Which of them broke off first he had no idea; they seemed to do it together, at once, as though in response to some outside noise. But his mind had suddenly filled with thoughts of Ellen, of Amarda’s youth, of the idea that he was taking advantage of her emotional condition, of their exposed situation here in the car in the daytime beside the house, and he pulled away from her just as she was pulling away from him.
They stared at one another, wide-eyed. Her softness and warmth were still with him, an invisible blanket warming but frightening him. He whispered, “I’m sorry.”
“Oh, don’t be,” she said. She grabbed his wrist in her hand, squeezed painfully. “Don’t be,” she repeated, and turned away. Fumbling with the handle, she pushed open the door and hurried away into the rain.
17
The rain poured down, well into its second week; ten days and nights of drenching downpour. The pockmarked face of the lake was muddy, everything on the surface of the planet was saturated and soft, and everywhere you looked was water. The pregnant cloudbanks pressed so low to the ground they gave you a headache just thinking about them.

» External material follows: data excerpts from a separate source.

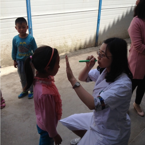 医生为当地儿童免费检查眼睛
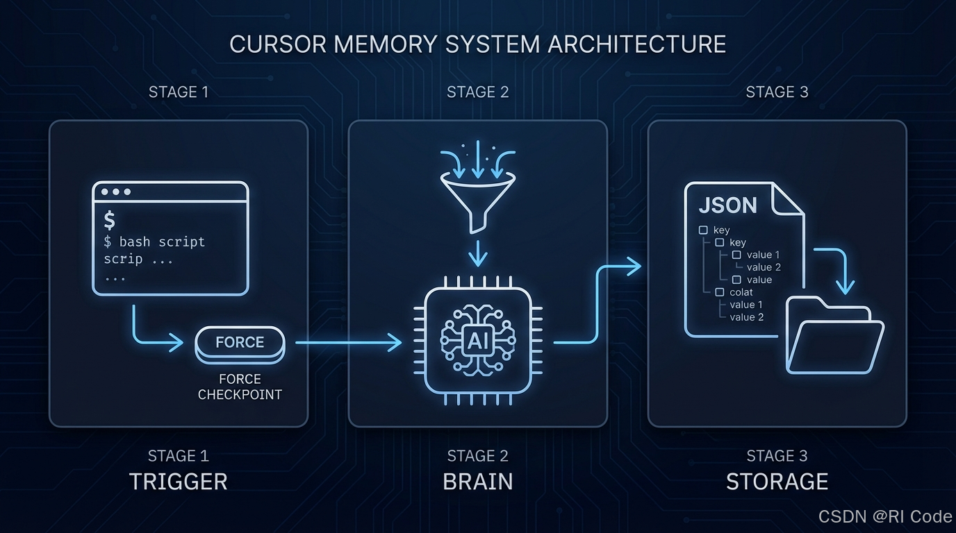 Cursor Memory 的核心理念在于结构化提炼。它不保存"你说过的话",而是保存"你做出的决策"、"你纠正的错误"和"你发现的模式"。
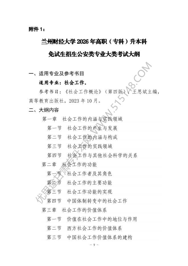 大纲适用:2026年兰州财经大学专升本考试公安类所有专业免试生专业校测

Frank Lanigan sat in the front of the boat, inside his slicker and rainhat and heavy boots, thinking about his headache. Behind him, Charlie scooped rainwater out of the boat with a coffee can, while at the rear the boat’s owner sat by the outboard motor, steering them toward Uganda.
Uganda. There it was, visible in the downpour, dead ahead. The brow of a dark giant rising up out of the lake. A turd floating in a world of water. A brown-black otter, resting. The Mysterious Island of the ghost stories, where the shipwrecked sailors meet the crazed professor and the living dinosaurs and the things that suck your blood in the night.

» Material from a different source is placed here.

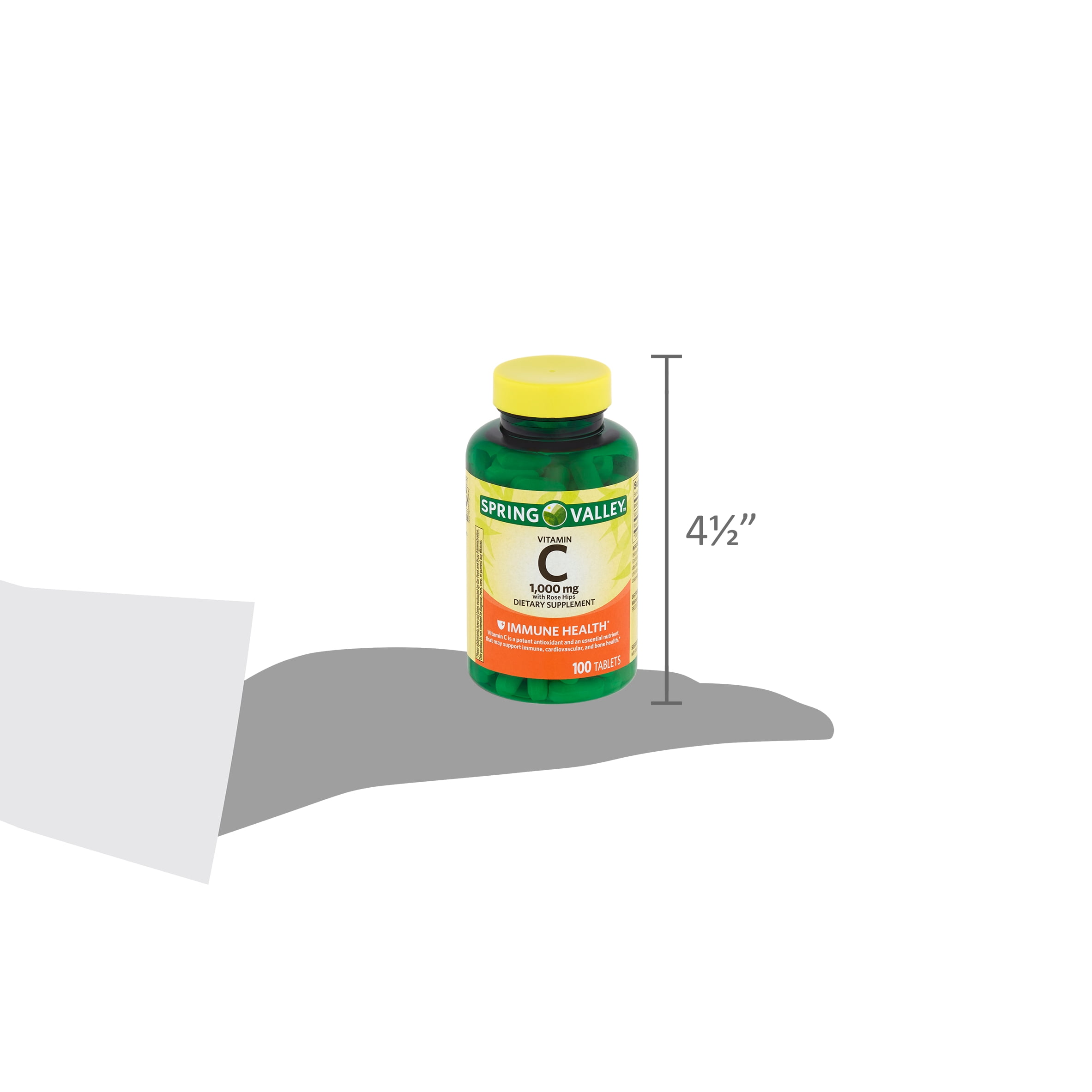 Spring Valley Vitamin C with Rose Hips Tablets Dietary Supplement, 1,000 mg, 100 Count:

Somewhere inside all his steamy cloying clothing Frank had a pint flask full of bourbon. The bourbon might help, but the job of getting to it would hurt far more, so he just sat there, cursing his fate, cursing Africa, cursing the rain, cursing Lew for not having completed this job the first time.
Slowly the broken coast of Uganda came nearer. Behind Frank, playing harmony to his thoughts, the boatman cursed his motor in a slow, almost loving litany, baritone voice and cough of engine blending into a lullaby of discontent within the endless barrage of the rain.
Bwagwe Point passed slowly on the left as they entered Macdonald Bay. Before the long rains this neighborhood had been alive with Ugandan soldiers on antismuggling detail, but in weather like this the smugglers and troops both stayed home. Everybody stays home, Frank thought in angry self-pity, except me.